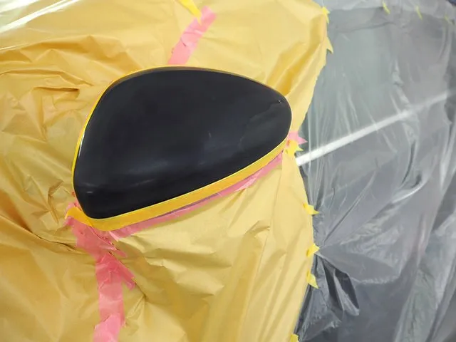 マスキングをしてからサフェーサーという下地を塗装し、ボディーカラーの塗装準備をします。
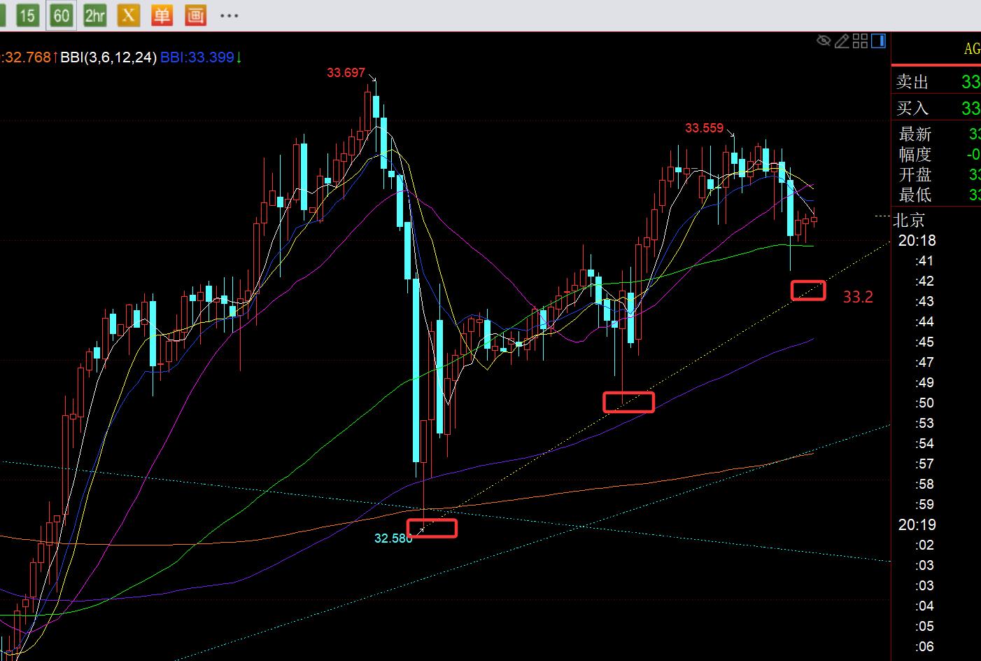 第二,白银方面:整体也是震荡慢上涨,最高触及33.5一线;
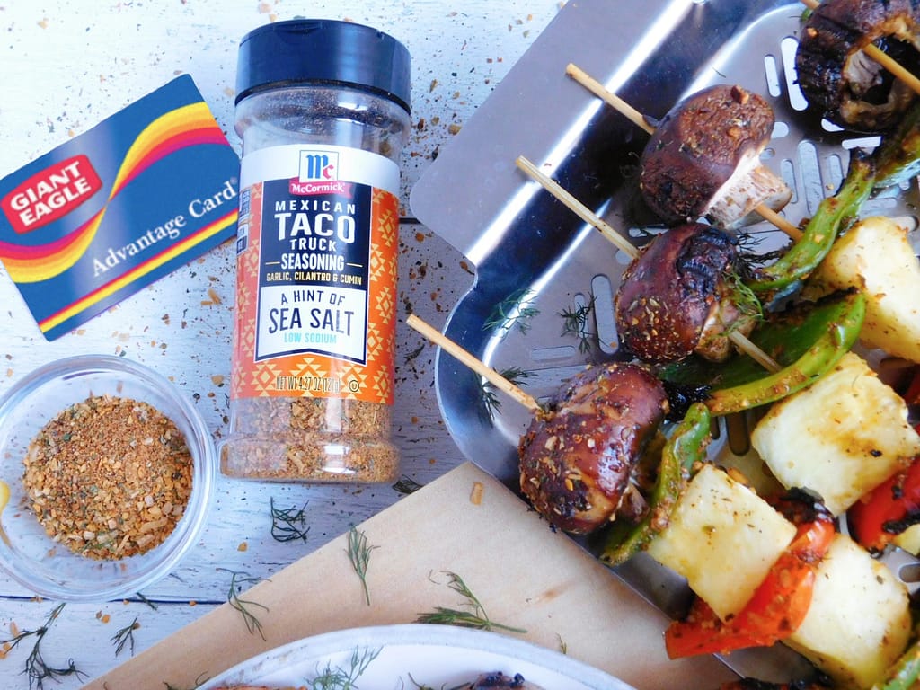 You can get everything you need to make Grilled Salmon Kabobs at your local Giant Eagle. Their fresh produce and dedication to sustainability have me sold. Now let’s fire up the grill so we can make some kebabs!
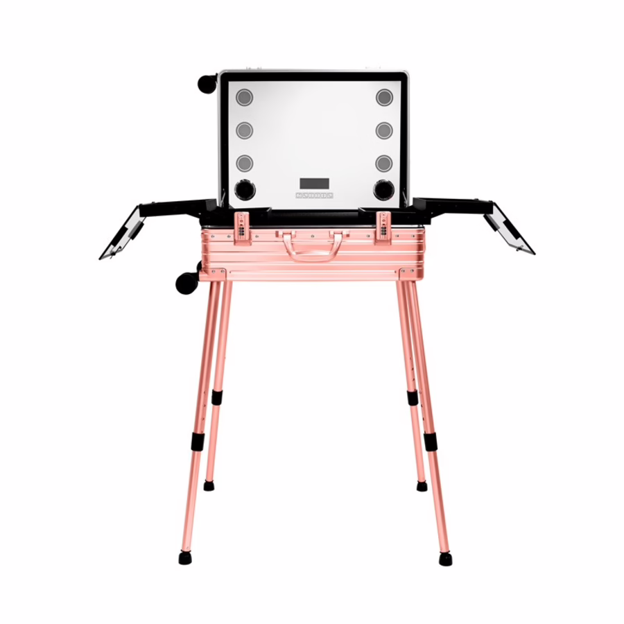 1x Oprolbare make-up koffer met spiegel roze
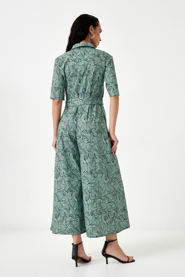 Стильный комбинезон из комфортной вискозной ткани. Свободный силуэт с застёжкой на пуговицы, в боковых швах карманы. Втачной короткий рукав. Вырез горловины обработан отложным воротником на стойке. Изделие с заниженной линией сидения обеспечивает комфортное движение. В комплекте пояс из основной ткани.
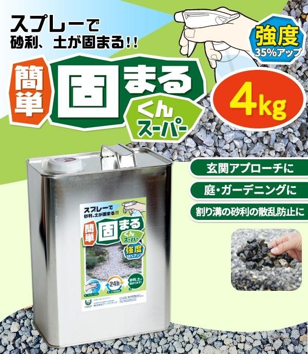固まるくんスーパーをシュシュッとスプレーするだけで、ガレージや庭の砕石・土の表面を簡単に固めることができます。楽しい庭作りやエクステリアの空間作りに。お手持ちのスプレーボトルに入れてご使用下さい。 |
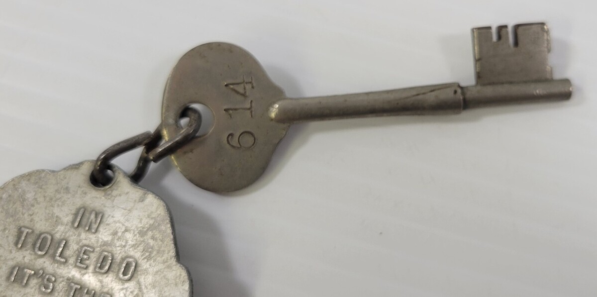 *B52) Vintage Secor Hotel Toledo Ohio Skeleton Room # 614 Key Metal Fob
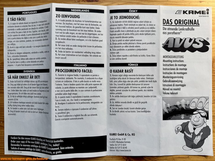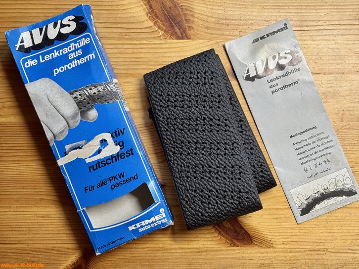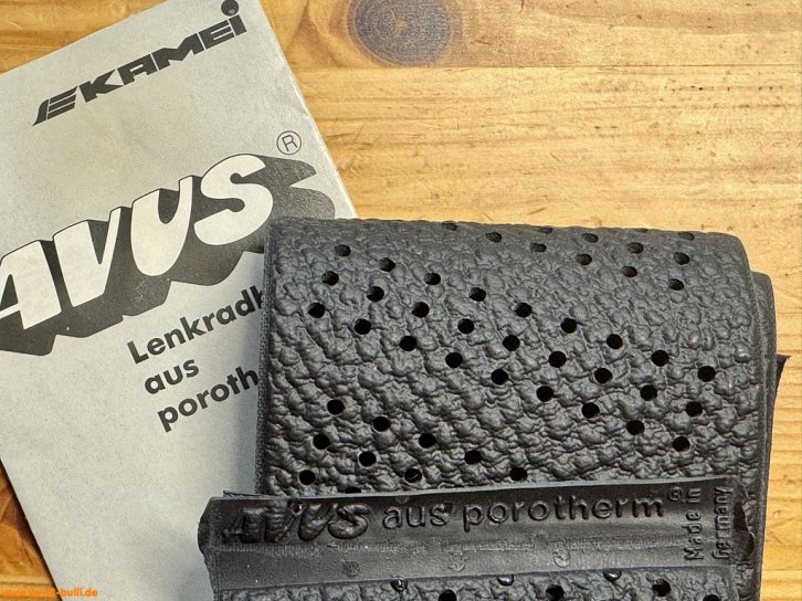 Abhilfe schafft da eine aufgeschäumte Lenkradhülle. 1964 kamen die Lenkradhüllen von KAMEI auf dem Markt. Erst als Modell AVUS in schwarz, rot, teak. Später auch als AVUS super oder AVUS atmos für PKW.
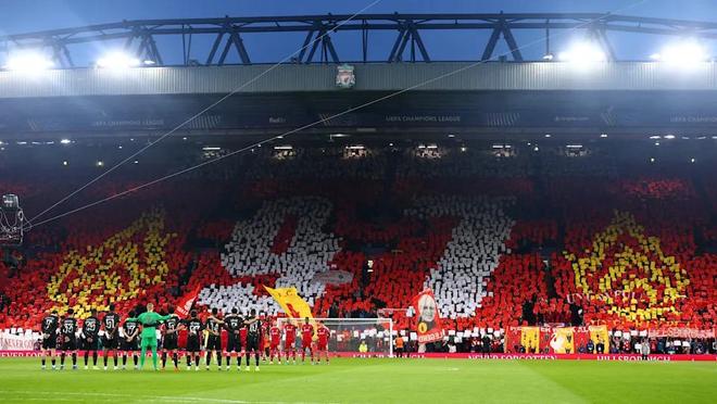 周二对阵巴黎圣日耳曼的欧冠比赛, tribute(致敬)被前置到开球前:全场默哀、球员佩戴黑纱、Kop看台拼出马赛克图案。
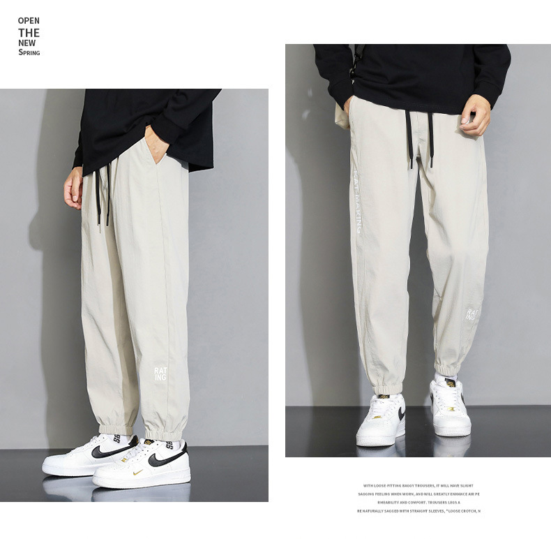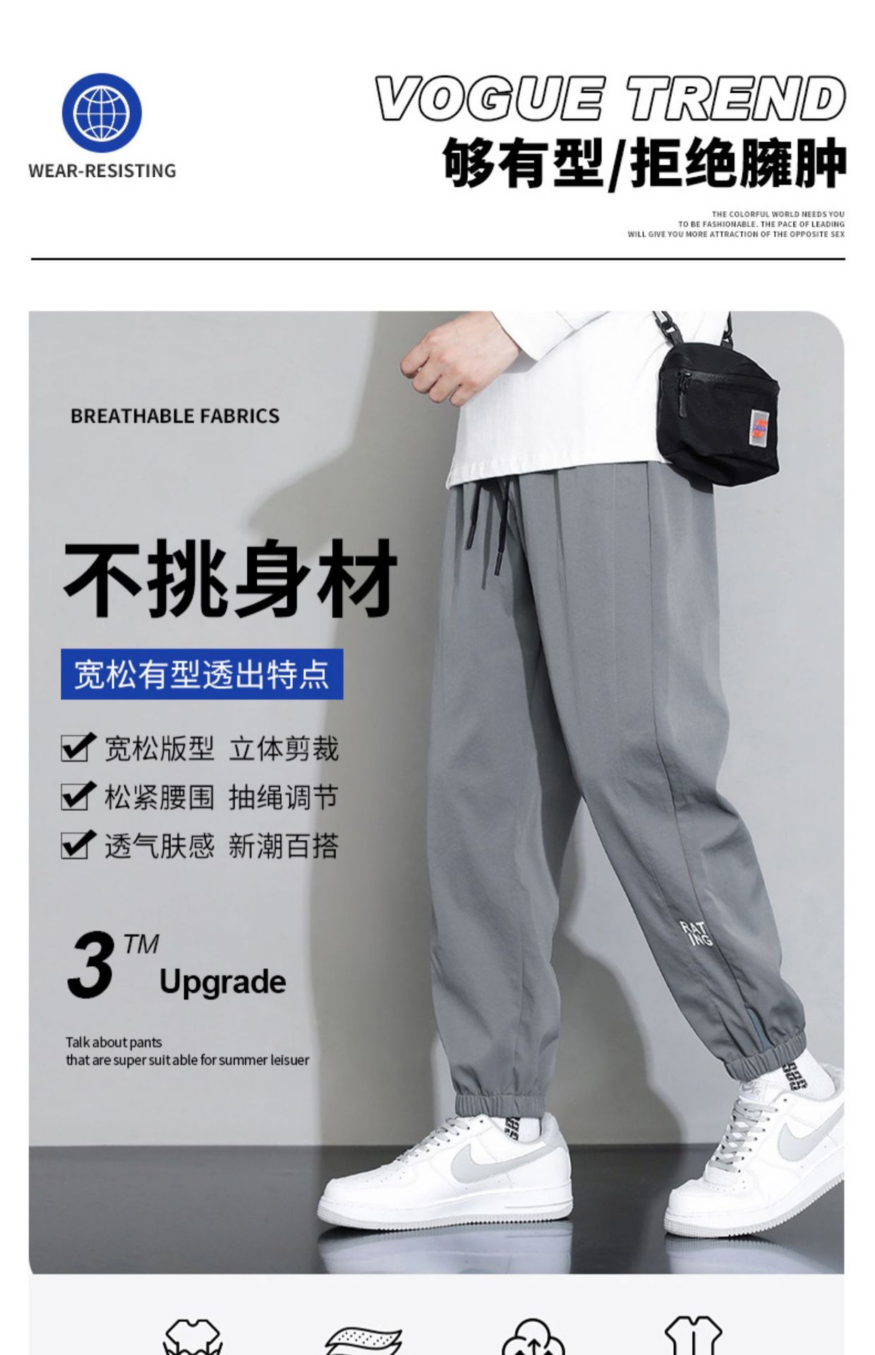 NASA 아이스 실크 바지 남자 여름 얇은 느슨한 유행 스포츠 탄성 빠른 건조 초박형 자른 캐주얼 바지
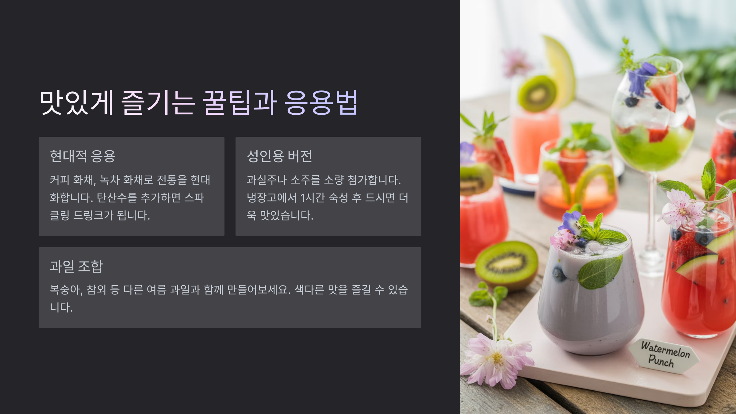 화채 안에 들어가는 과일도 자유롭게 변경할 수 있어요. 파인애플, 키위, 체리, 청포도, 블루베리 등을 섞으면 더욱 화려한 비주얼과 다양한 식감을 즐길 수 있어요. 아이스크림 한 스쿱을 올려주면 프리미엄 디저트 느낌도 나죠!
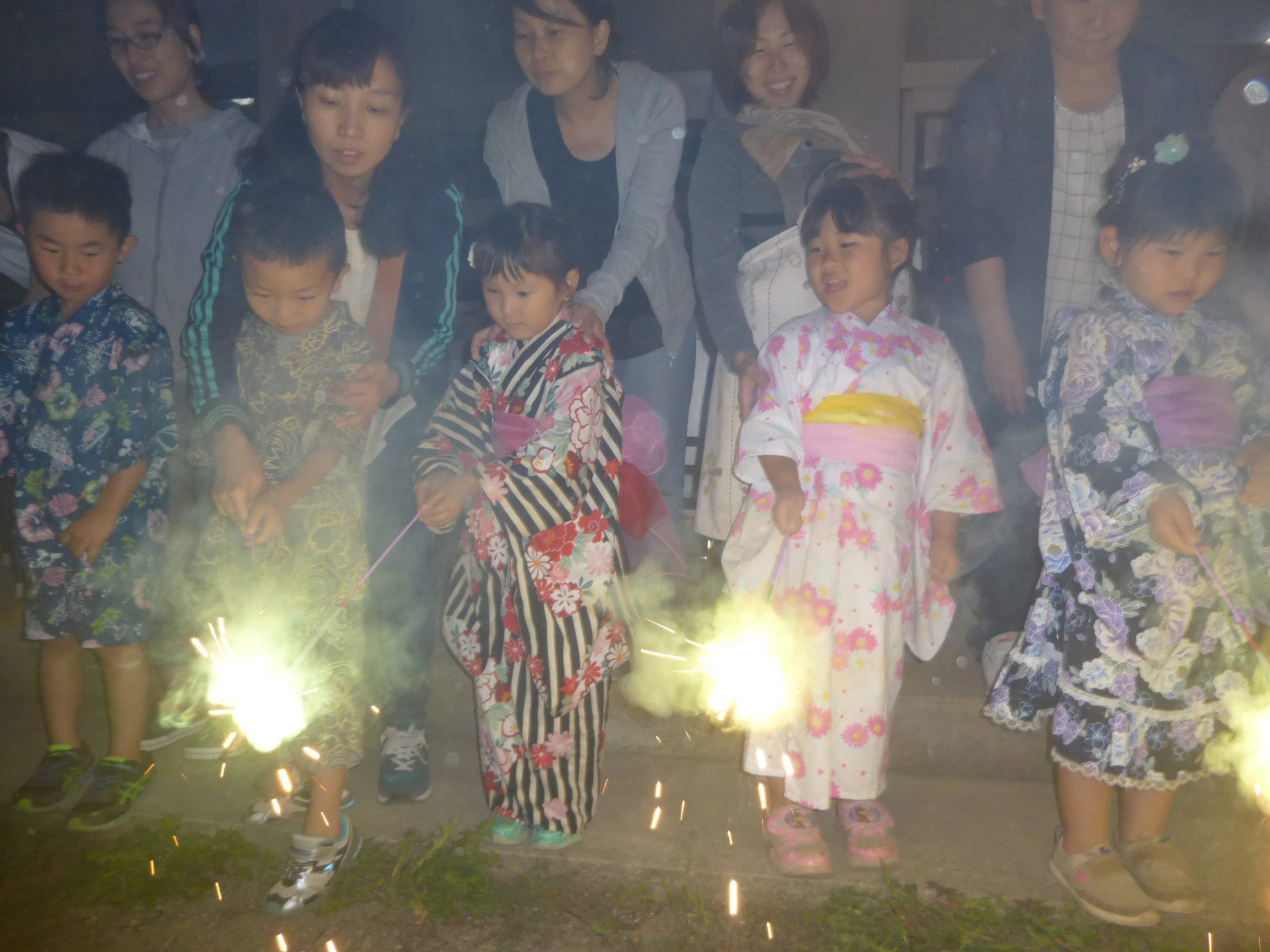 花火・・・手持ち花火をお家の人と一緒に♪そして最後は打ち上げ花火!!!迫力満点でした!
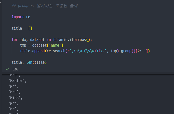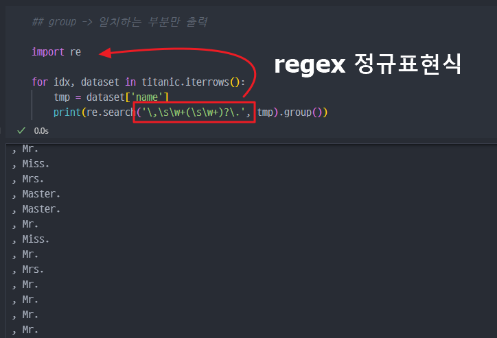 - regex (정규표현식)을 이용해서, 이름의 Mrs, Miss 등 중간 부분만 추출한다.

################

■ Description of the task
Above are the records; repeat them exactly, omitting every picture.

■ Answer to the problem
 マスキングをしてからサフェーサーという下地を塗装し、ボディーカラーの塗装準備をします。
 第二,白银方面:整体也是震荡慢上涨,最高触及33.5一线;
 You can get everything you need to make Grilled Salmon Kabobs at your local Giant Eagle. Their fresh produce and dedication to sustainability have me sold. Now let’s fire up the grill so we can make some kebabs!
 1x Oprolbare make-up koffer met spiegel roze
 Стильный комбинезон из комфортной вискозной ткани. Свободный силуэт с застёжкой на пуговицы, в боковых швах карманы. Втачной короткий рукав. Вырез горловины обработан отложным воротником на стойке. Изделие с заниженной линией сидения обеспечивает комфортное движение. В комплекте пояс из основной ткани.
固まるくんスーパーをシュシュッとスプレーするだけで、ガレージや庭の砕石・土の表面を簡単に固めることができます。楽しい庭作りやエクステリアの空間作りに。お手持ちのスプレーボトルに入れてご使用下さい。 |
 *B52) Vintage Secor Hotel Toledo Ohio Skeleton Room # 614 Key Metal Fob
 Abhilfe schafft da eine aufgeschäumte Lenkradhülle. 1964 kamen die Lenkradhüllen von KAMEI auf dem Markt. Erst als Modell AVUS in schwarz, rot, teak. Später auch als AVUS super oder AVUS atmos für PKW.
 周二对阵巴黎圣日耳曼的欧冠比赛, tribute(致敬)被前置到开球前:全场默哀、球员佩戴黑纱、Kop看台拼出马赛克图案。
 NASA 아이스 실크 바지 남자 여름 얇은 느슨한 유행 스포츠 탄성 빠른 건조 초박형 자른 캐주얼 바지
 화채 안에 들어가는 과일도 자유롭게 변경할 수 있어요. 파인애플, 키위, 체리, 청포도, 블루베리 등을 섞으면 더욱 화려한 비주얼과 다양한 식감을 즐길 수 있어요. 아이스크림 한 스쿱을 올려주면 프리미엄 디저트 느낌도 나죠!
 花火・・・手持ち花火をお家の人と一緒に♪そして最後は打ち上げ花火!!!迫力満点でした!
 - regex (정규표현식)을 이용해서, 이름의 Mrs, Miss 등 중간 부분만 추출한다.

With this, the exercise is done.